▶ [ACTIVITY]: Please, starting at the line that contains "- Table 2๊ฐ๊ฐ", reproduce every line exactly until the records run out, skipping all pictures.
####################
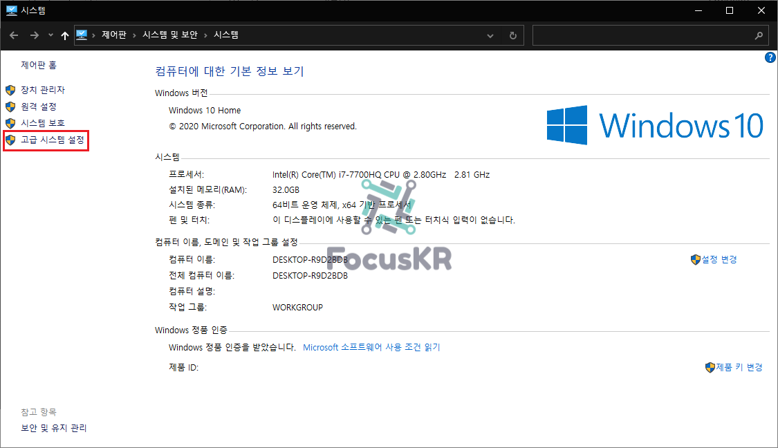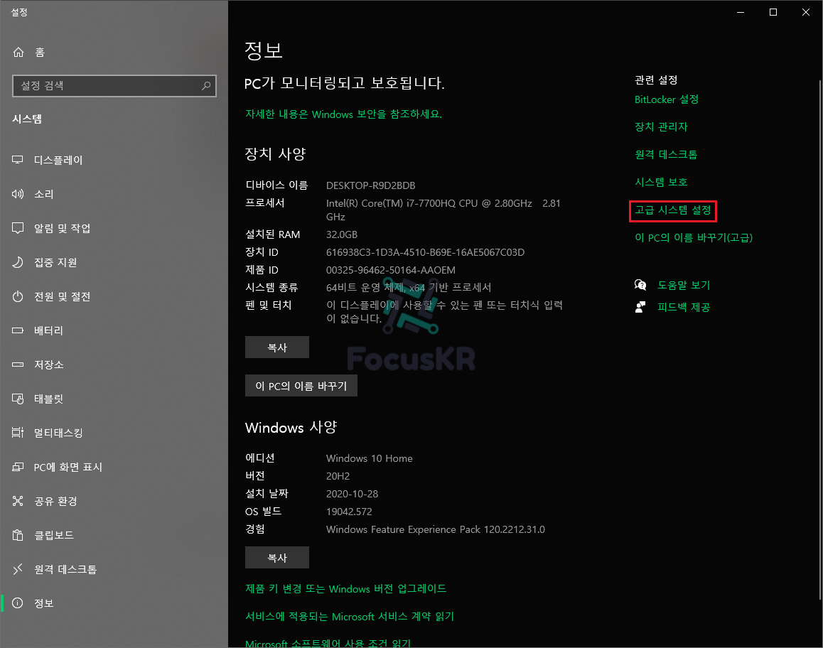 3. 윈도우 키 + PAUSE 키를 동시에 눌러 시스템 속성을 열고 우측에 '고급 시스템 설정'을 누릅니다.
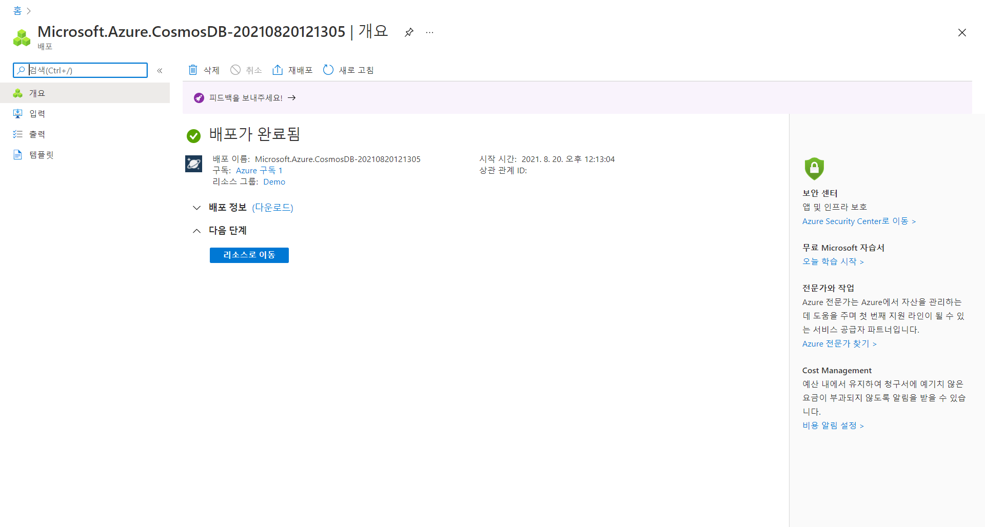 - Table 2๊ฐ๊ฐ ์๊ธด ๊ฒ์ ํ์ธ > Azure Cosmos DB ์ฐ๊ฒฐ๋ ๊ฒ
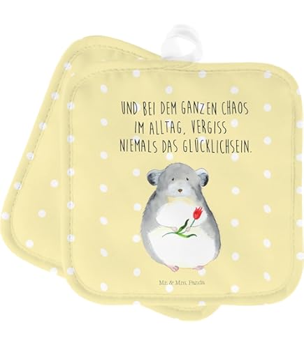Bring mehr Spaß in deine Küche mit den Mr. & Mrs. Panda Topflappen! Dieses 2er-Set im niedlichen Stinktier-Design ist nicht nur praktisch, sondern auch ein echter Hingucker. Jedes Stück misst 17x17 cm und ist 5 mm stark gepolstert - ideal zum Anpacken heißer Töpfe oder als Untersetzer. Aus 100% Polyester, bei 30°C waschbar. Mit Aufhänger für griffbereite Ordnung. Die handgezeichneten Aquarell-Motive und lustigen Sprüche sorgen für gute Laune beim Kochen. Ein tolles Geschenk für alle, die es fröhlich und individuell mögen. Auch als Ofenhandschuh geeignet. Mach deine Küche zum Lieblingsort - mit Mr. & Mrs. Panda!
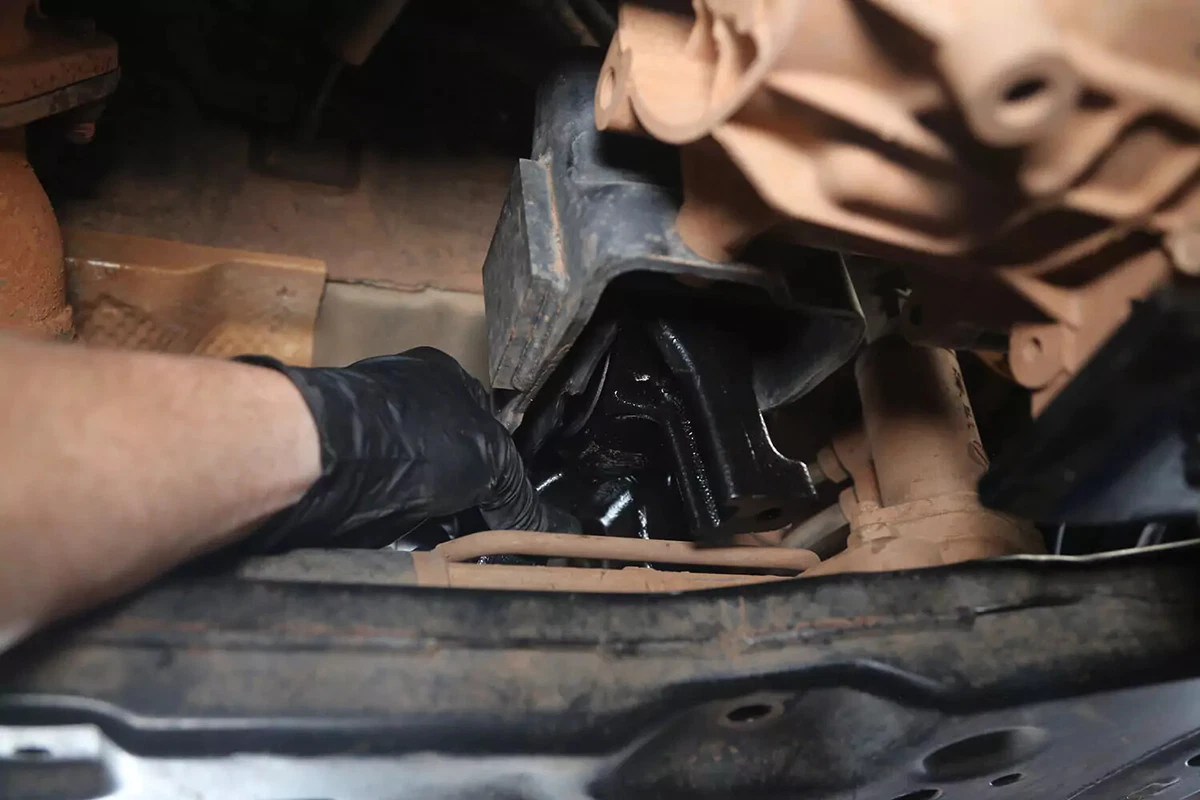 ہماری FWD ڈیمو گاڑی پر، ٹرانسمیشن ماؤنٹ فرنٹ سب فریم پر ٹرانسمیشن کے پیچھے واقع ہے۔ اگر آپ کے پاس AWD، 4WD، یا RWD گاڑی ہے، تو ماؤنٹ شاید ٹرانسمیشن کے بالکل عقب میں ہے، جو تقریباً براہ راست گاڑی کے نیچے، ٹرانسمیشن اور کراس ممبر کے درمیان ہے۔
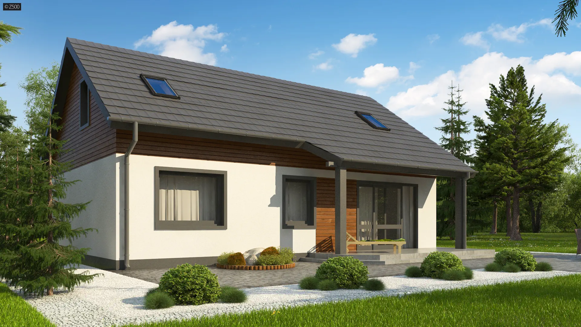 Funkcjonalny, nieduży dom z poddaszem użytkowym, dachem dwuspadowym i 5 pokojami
####################
▶ [TASK SOLUTION]:
 - Table 2๊ฐ๊ฐ ์๊ธด ๊ฒ์ ํ์ธ > Azure Cosmos DB ์ฐ๊ฒฐ๋ ๊ฒ
Bring mehr Spaß in deine Küche mit den Mr. & Mrs. Panda Topflappen! Dieses 2er-Set im niedlichen Stinktier-Design ist nicht nur praktisch, sondern auch ein echter Hingucker. Jedes Stück misst 17x17 cm und ist 5 mm stark gepolstert - ideal zum Anpacken heißer Töpfe oder als Untersetzer. Aus 100% Polyester, bei 30°C waschbar. Mit Aufhänger für griffbereite Ordnung. Die handgezeichneten Aquarell-Motive und lustigen Sprüche sorgen für gute Laune beim Kochen. Ein tolles Geschenk für alle, die es fröhlich und individuell mögen. Auch als Ofenhandschuh geeignet. Mach deine Küche zum Lieblingsort - mit Mr. & Mrs. Panda!
 ہماری FWD ڈیمو گاڑی پر، ٹرانسمیشن ماؤنٹ فرنٹ سب فریم پر ٹرانسمیشن کے پیچھے واقع ہے۔ اگر آپ کے پاس AWD، 4WD، یا RWD گاڑی ہے، تو ماؤنٹ شاید ٹرانسمیشن کے بالکل عقب میں ہے، جو تقریباً براہ راست گاڑی کے نیچے، ٹرانسمیشن اور کراس ممبر کے درمیان ہے۔
 Funkcjonalny, nieduży dom z poddaszem użytkowym, dachem dwuspadowym i 5 pokojami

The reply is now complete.